Randomized counterbalancing relies on probability. With a large enough sample, the random assignments will roughly balance out which condition comes first, second, and so on. It won’t achieve perfect balance the way systematic methods do, but it’s simpler to implement and scales more easily to studies with many conditions. It’s especially useful when the number of possible orderings far exceeds the number of available participants.
Why It’s Only Needed in Within-Subjects Designs
Counterbalancing is a concern specific to within-subjects (repeated-measures) designs, where every participant experiences all conditions. In a between-subjects design, each participant is assigned to only one condition, so there’s no sequence of conditions to worry about. A participant in the “music” group never does the “silence” condition, which means there’s no opportunity for practice, fatigue, or carryover from one condition to affect performance in another.

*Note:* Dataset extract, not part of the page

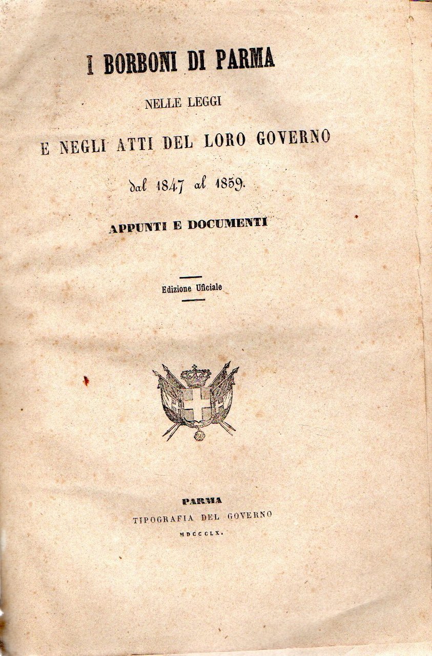I Borboni di Parma nelle leggi e negli atti del loro Governo dal 1847 al 1859. Appunti e Documenti. Edizione Ufficiale.

Between-subjects designs avoid order effects entirely, but they come with their own cost: you need more participants, and individual differences between groups can introduce noise. Within-subjects designs are statistically more powerful because each person serves as their own comparison point, eliminating person-to-person variability. Counterbalancing is the price you pay for that power. It lets researchers keep the advantages of within-subjects designs while neutralizing the order-related confounds that come with them.
When Counterbalancing Fails
Counterbalancing assumes that order effects are symmetric, meaning the carryover from condition A to condition B is roughly the same size as the carryover from B to A. When that assumption holds, the effects cancel out across groups. But this symmetry can’t always be verified ahead of time.
The problem case is called a differential carryover effect. This happens when one particular sequence (say, treatment followed by control) produces a unique reaction that doesn’t occur in the reverse sequence. For example, if a drug tested in condition A has lingering physiological effects that alter responses in condition B, but condition B has no such lingering effect on condition A, the carryover is asymmetric. Counterbalancing won’t fix this because the two directions don’t cancel each other out. Statistically, this shows up as a significant interaction between the order participants were assigned and the treatment itself.
When differential carryover effects are suspected, researchers may need to abandon the within-subjects approach altogether and switch to a between-subjects design, where each participant only experiences one condition and carryover becomes impossible. Alternatively, they can build in longer gaps between conditions (called washout periods) to let the effects of one condition fade before the next one begins.